**Aim of the task**:
Output nothing but the lines from the first line of the listing below through the line containing "momento, escolho o", printed exactly and free of pictures.

[Dataset extract]

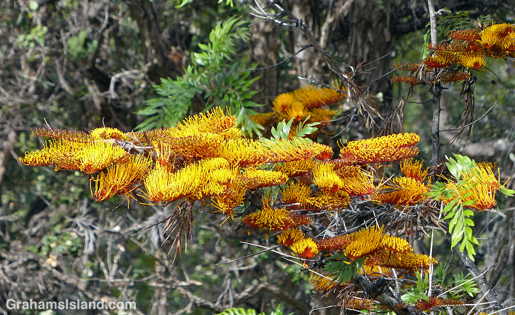 At this time of year, silk oaks are blooming and their orange flowers put on a brilliant display. They look like giant toothbrushes, or rather groups of flowers look like that, for the toothbrushes are made up of many individual flowers. The flowers themselves are popular with birds, bees and other insects, but both the flowers and wood can cause allergic reactions so have to be handled with caution.
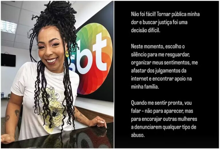 “Neste momento, escolho o silêncio para me resguardar, organizar meus sentimentos, me afastar dos julgamentos da internet e encontrar apoio na minha família. Quando me sentir pronta, vou falar — não para aparecer, mas para encorajar outras mulheres a denunciarem qualquer tipo de abuso”, concluiu.
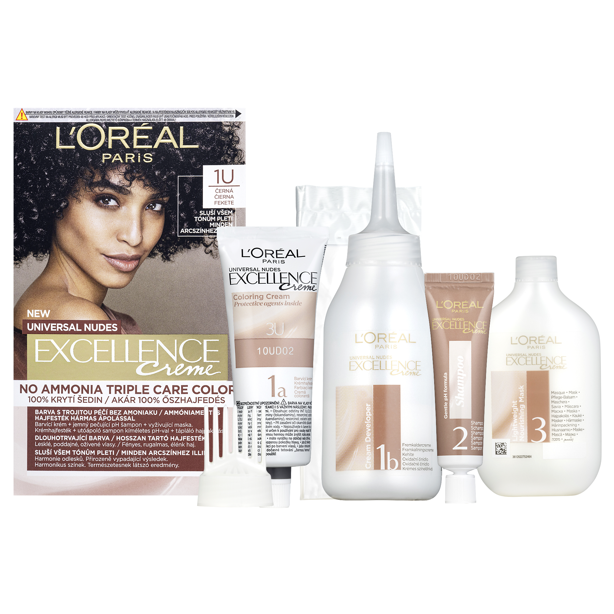 Jak funguje v barvách na vlasy? 1. V ochranném barvicím krému dodává vlasům hloubkovou hydrataci a až 2x bohatší barevný výsledek*. 2. Ve vyživující masce přináší až 10x větší hydrataci** pro dlouhodobou zářící barvu. Excellence Nudes přináší odlesk U, který je unikátní spojení studených a teplých odlesků, které ladí ke všem podtónům pleti, pro přirozeně vypadající výsledek.

[/Dataset extract]

**Result of the exercise**:
 At this time of year, silk oaks are blooming and their orange flowers put on a brilliant display. They look like giant toothbrushes, or rather groups of flowers look like that, for the toothbrushes are made up of many individual flowers. The flowers themselves are popular with birds, bees and other insects, but both the flowers and wood can cause allergic reactions so have to be handled with caution.
 “Neste momento, escolho o silêncio para me resguardar, organizar meus sentimentos, me afastar dos julgamentos da internet e encontrar apoio na minha família. Quando me sentir pronta, vou falar — não para aparecer, mas para encorajar outras mulheres a denunciarem qualquer tipo de abuso”, concluiu.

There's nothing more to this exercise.